When Garrett informed me I appeared heavier, I felt it. At occasions we’d have a buyer complain or churn and my monkey thoughts would instantly begin excited about how we might lose all of it. The primary domino had fallen and the remaining can be historical past…nevertheless it by no means occurred.
I now not carry this weight. When pals have requested me how I’ve felt since our deal was full, lighter might be the phrase I’ve used essentially the most.
I really don’t assume we’re at our greatest after we really feel heaviness. A bit strain is nice, however an excessive amount of can break you over time. The work I’m doing now I really feel is genuinely higher and I’m having fun with it greater than I did throughout that heavy interval.
If the enterprise is now not enjoyable, that’s when burnout turns into an actual inside threat. When you aren’t having fun with what you’re doing however simply powering by every day, how are you going to compete with somebody who’s having enjoyable and feels a way of lightness?
Our greatest selections don’t come after we’re overwhelmed or exhausted.
#3 Our product, service, and gross sales are higher and our enterprise has 2X’d in lower than a yr.
Since becoming a member of the Good Sam workforce, we’ve made a number of strategic hires and leveraged a big enterprise to gas our progress. We’ve been in a position to do issues I wished to do whereas bootstrapping the enterprise however might by no means afford to do (like scale up our improvement workforce!).
This week I shared with Alyssa the map beneath which has pinpoints of all of the parks that at the moment are utilizing the reserving platform we created. As an entrepreneur, one of many driving motivating elements for me was freedom however I additionally wished to develop one thing bigger than myself that made an influence.
Once I was making an attempt to resolve if I wished to promote CB or not, cash and freedom had been main elements. However there was additionally the query of if promoting would do proper by our prospects and make the product higher. Now, our product is extra secure with infinitely higher help so we offer a greater all-around buyer expertise.

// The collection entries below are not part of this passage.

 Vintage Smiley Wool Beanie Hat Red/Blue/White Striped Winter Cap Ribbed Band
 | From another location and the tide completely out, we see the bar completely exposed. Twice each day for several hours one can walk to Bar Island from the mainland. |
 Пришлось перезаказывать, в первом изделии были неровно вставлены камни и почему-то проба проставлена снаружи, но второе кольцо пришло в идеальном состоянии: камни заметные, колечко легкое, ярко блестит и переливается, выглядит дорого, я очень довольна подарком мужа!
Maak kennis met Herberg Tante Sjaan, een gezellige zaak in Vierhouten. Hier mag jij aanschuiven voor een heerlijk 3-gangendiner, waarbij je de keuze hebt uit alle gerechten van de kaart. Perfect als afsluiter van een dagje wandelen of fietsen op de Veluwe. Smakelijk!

My Greatest Fears About “Shedding Freedom”
The largest concern about transitioning from an entrepreneur to an worker was across the ingredient of shedding freedom in going again to a “actual job”. Nevertheless, how a lot freedom do you even have once you eat, dwell, sleep and breathe your startup? Up to now three years, I began working increasingly more, lacking out on time with household and stressing over the corporate after I ought to’ve been specializing in what’s most essential to me. I acknowledge on reflection that if you need freedom, a tech firm might not be the most effective path in the direction of having it.
At this time
At this time, I’m lighter than I used to be a yr in the past. I’m a a lot happier particular person since we bought the corporate and haven’t any complaints. I used to be harassed and anxious more often than not. Now I’m not.

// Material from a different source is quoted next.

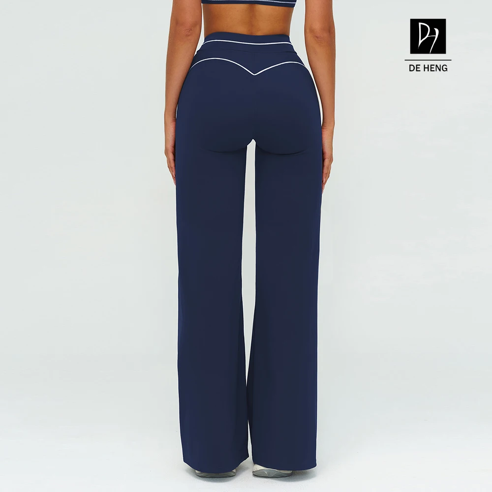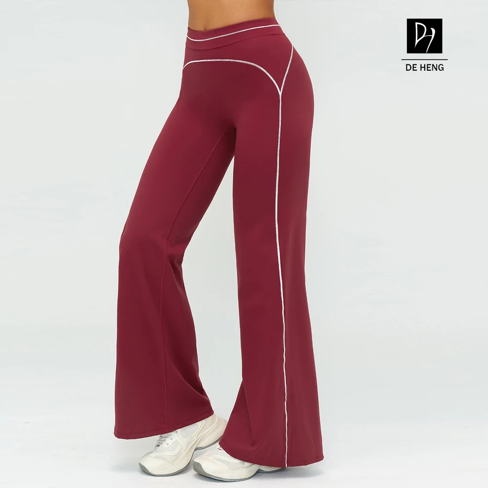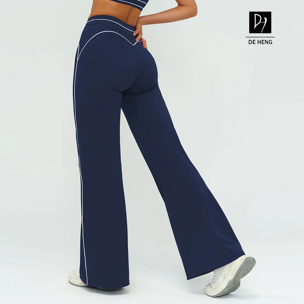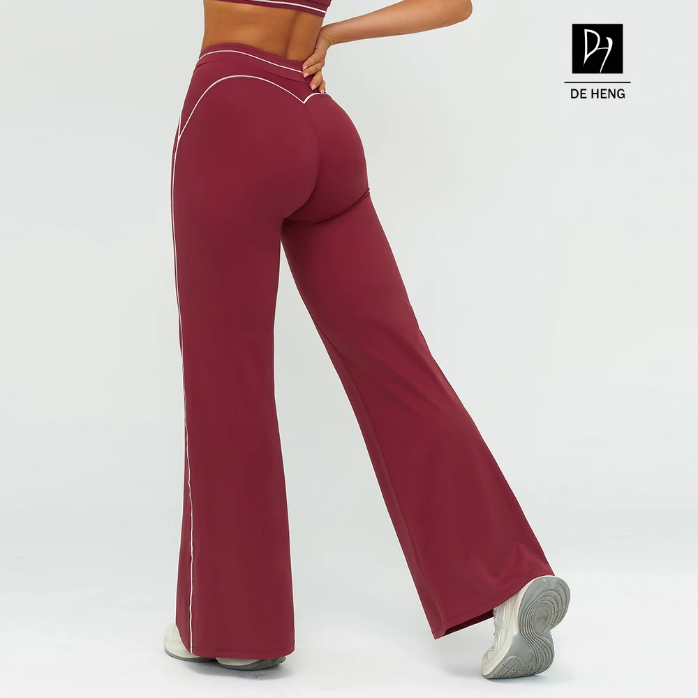 YISHENHON Recyclable Fabric Quick Dry Yoga V Waist Gym Leggings Running Workout Wide Leg Pants Flare Woman Sport Pants
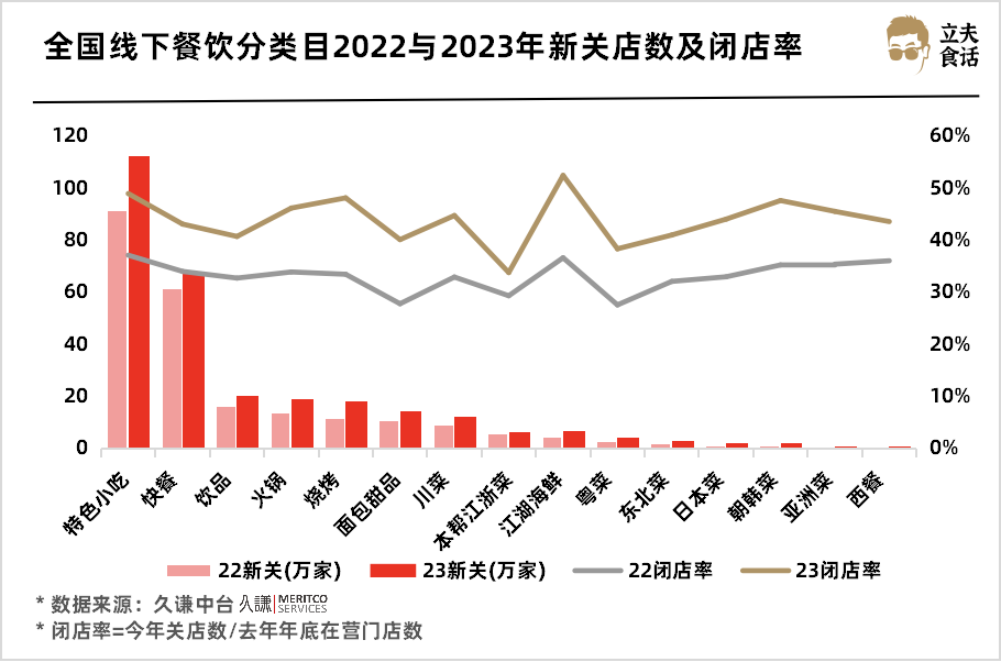 全国线下餐饮分类目22与23年新关店数及闭店率

Our son, Eli, was born in October and this time round I had a really beneficiant paternity depart, which I’ll perpetually be pleased about. Throughout my three months of depart, we spent over a month visiting household and pals, even making a spontaneous journey out to Disney World.
Plus, now that I’m not the final line of protection to maintain the corporate alive and respiratory, Alyssa and I can journey once more with out feeling like I must be some other place. I assumed after we hit the street in 2014 that I’d by no means be an worker once more. Being entrepreneur was a badge of honor to me. However it’s given me a number of peace after years of hustling somewhat too exhausting.
I’ll all the time be an entrepreneur. Even now, inside an even bigger firm I’m serving to spin up new enterprise concepts. After so a few years of scheming I’m unsure I’m able to doing the rest. Whereas my official title as modified from CEO to Senior Director of Product Innovation (sure, it’s very lengthy and essential sounding), I’m excited for a way this chapter rounded up and for the chance to supply worth to a bigger firm.